INSTRUCTIONS FOR THE TASK
Return the data below unchanged. Drop any pictures.

DATA SEGMENT
++++++++++
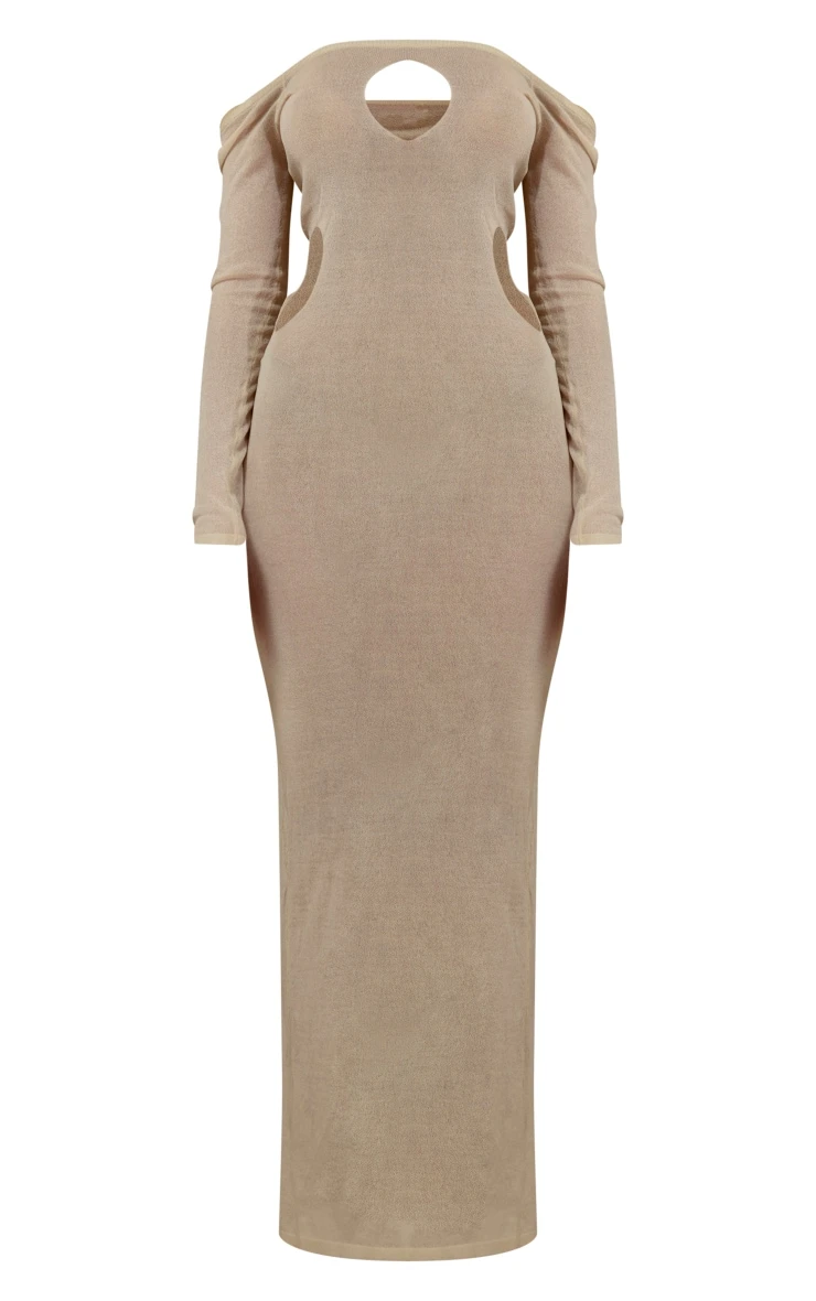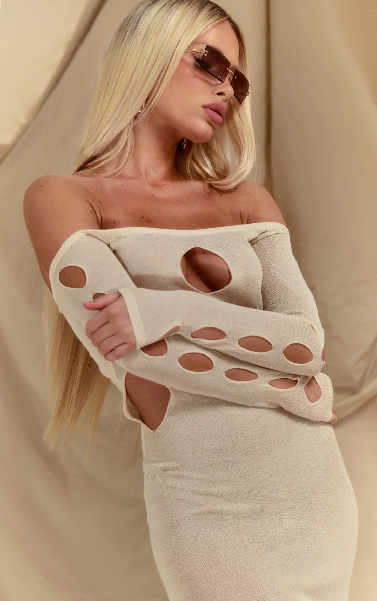 Bring all the luxe vibes to your weekend look with this cream sheer knit cut out long sleeve maxi dress. Its cream sheer knit material adds some cosy feels to your look as well as expresses your daring side. This maxi dress also features cut-out details and a bardot neckline which gives you that chic touch. Team with heeled mules and gold accessories for a vibe that won’t go unnoticed.
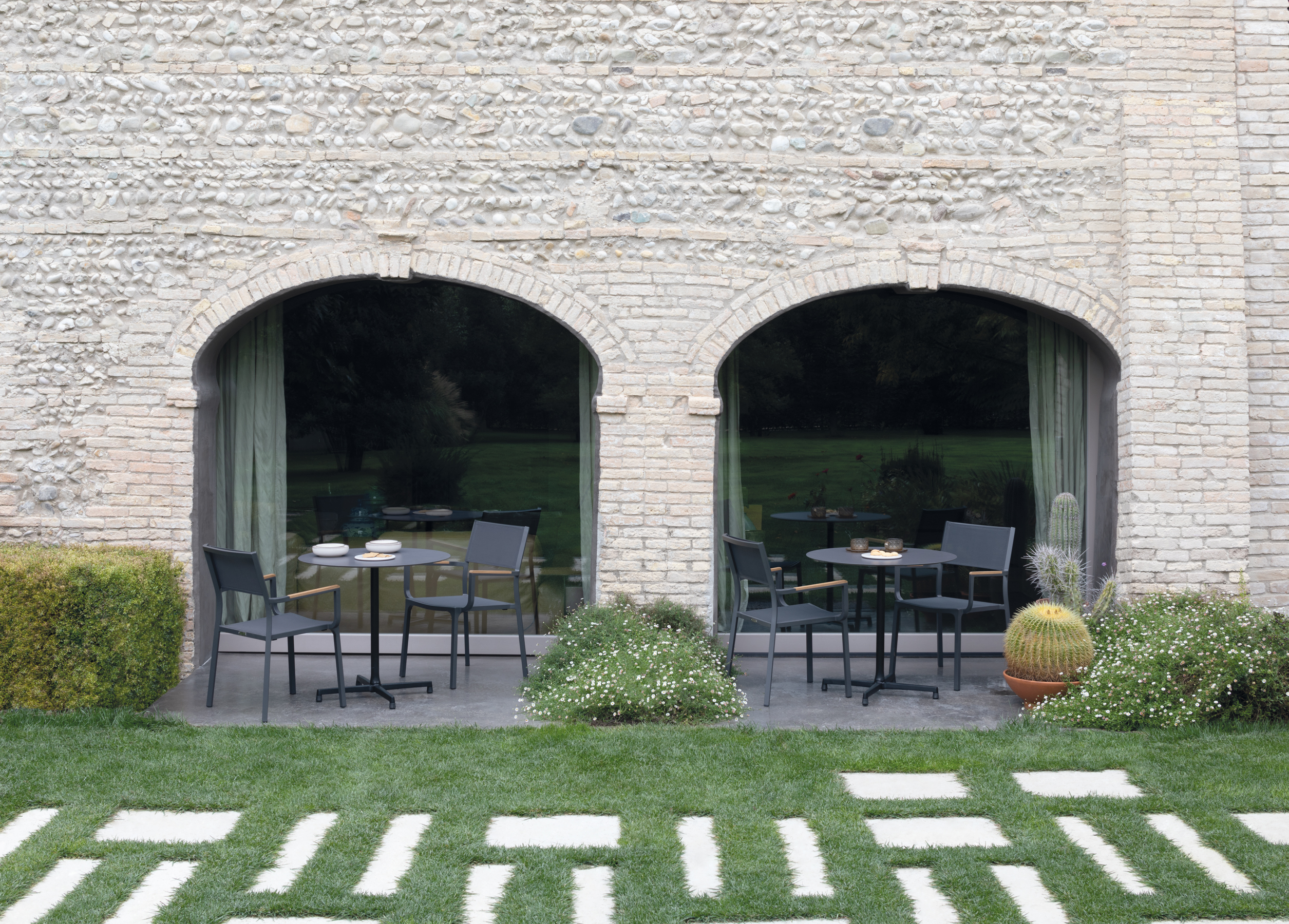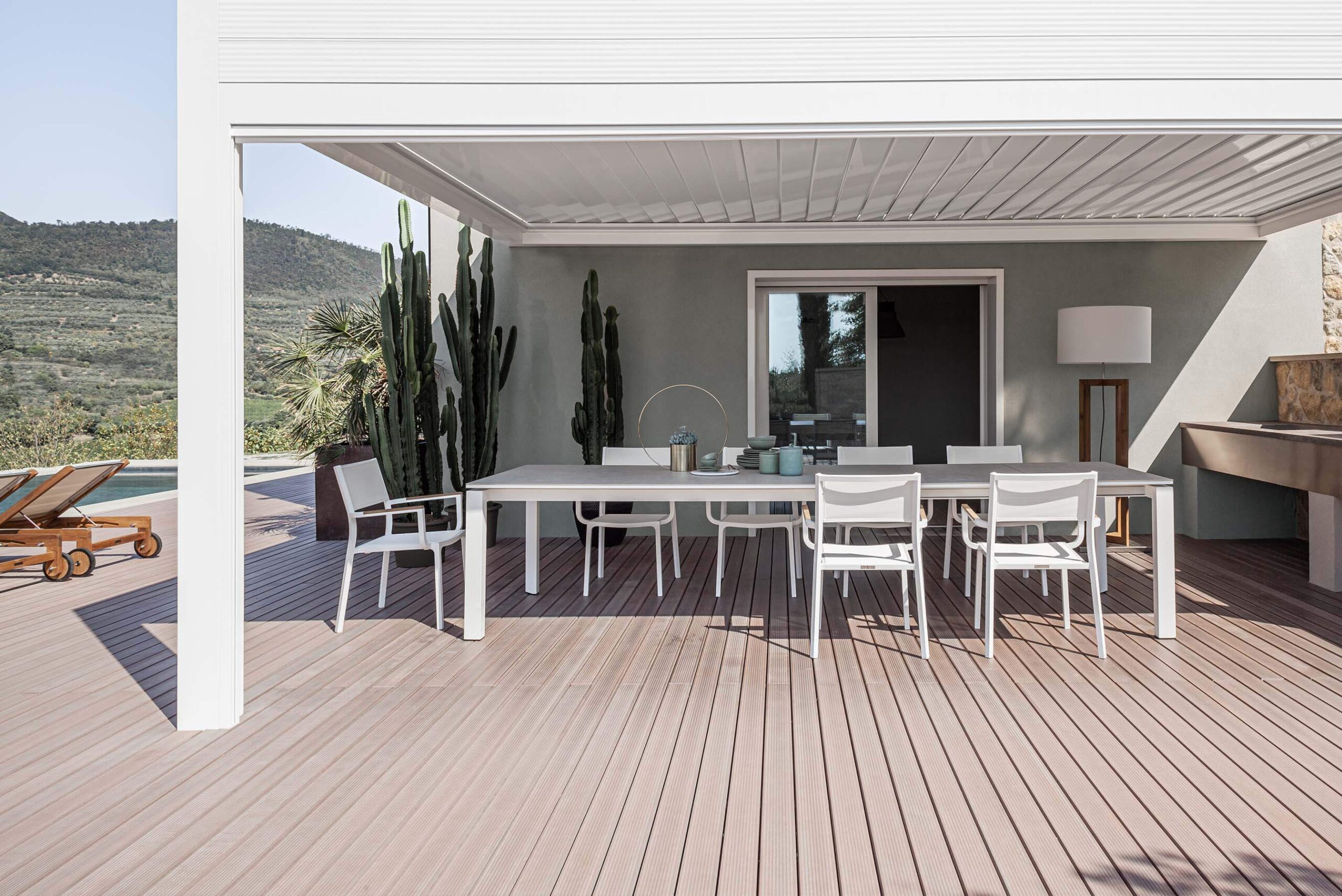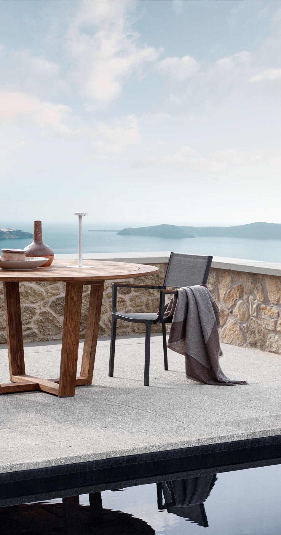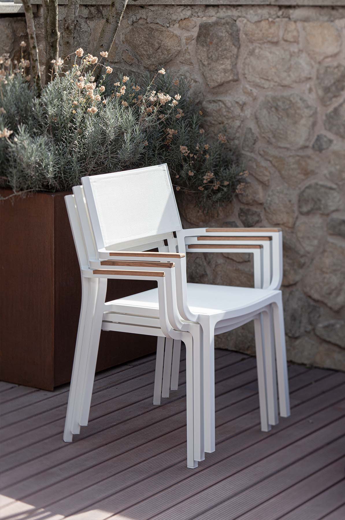 Простая элегантность и неподвластная времени естественность с подчеркнутым вниманием к деталям. Вставки из тикового дерева сочетаются с термосвариваемым тексиленом белого или графитового цвета, стойким к атмосферным воздействиям.
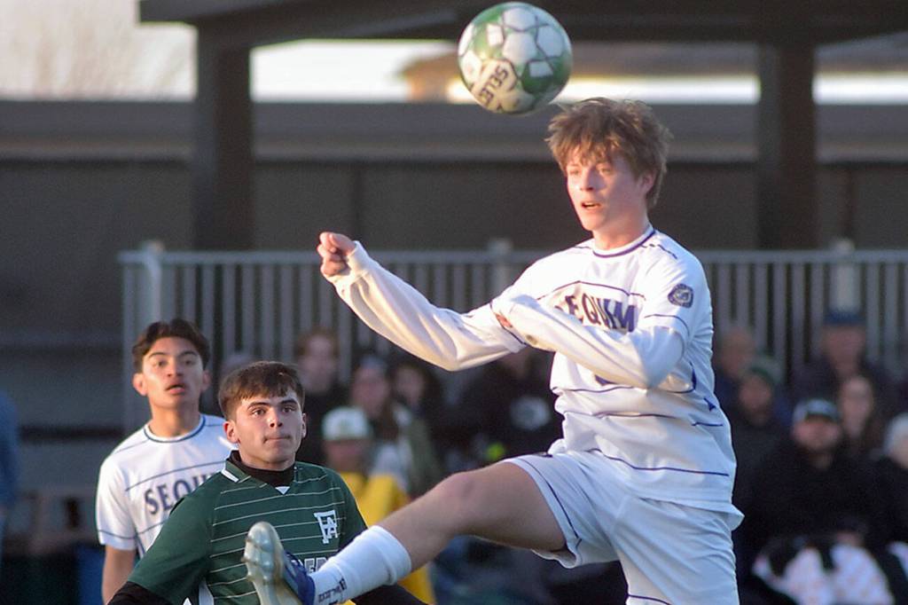 “Kanyon collected the flicked header in behind the Sequim defense at the top of the penalty box and lobbed his shot over Sequim goalie Nolan Valenzuela as he came out,” Riders coach Chris Saari said.
++++++++++
YOUR SOLUTION
 Bring all the luxe vibes to your weekend look with this cream sheer knit cut out long sleeve maxi dress. Its cream sheer knit material adds some cosy feels to your look as well as expresses your daring side. This maxi dress also features cut-out details and a bardot neckline which gives you that chic touch. Team with heeled mules and gold accessories for a vibe that won’t go unnoticed.
 Простая элегантность и неподвластная времени естественность с подчеркнутым вниманием к деталям. Вставки из тикового дерева сочетаются с термосвариваемым тексиленом белого или графитового цвета, стойким к атмосферным воздействиям.
 “Kanyon collected the flicked header in behind the Sequim defense at the top of the penalty box and lobbed his shot over Sequim goalie Nolan Valenzuela as he came out,” Riders coach Chris Saari said.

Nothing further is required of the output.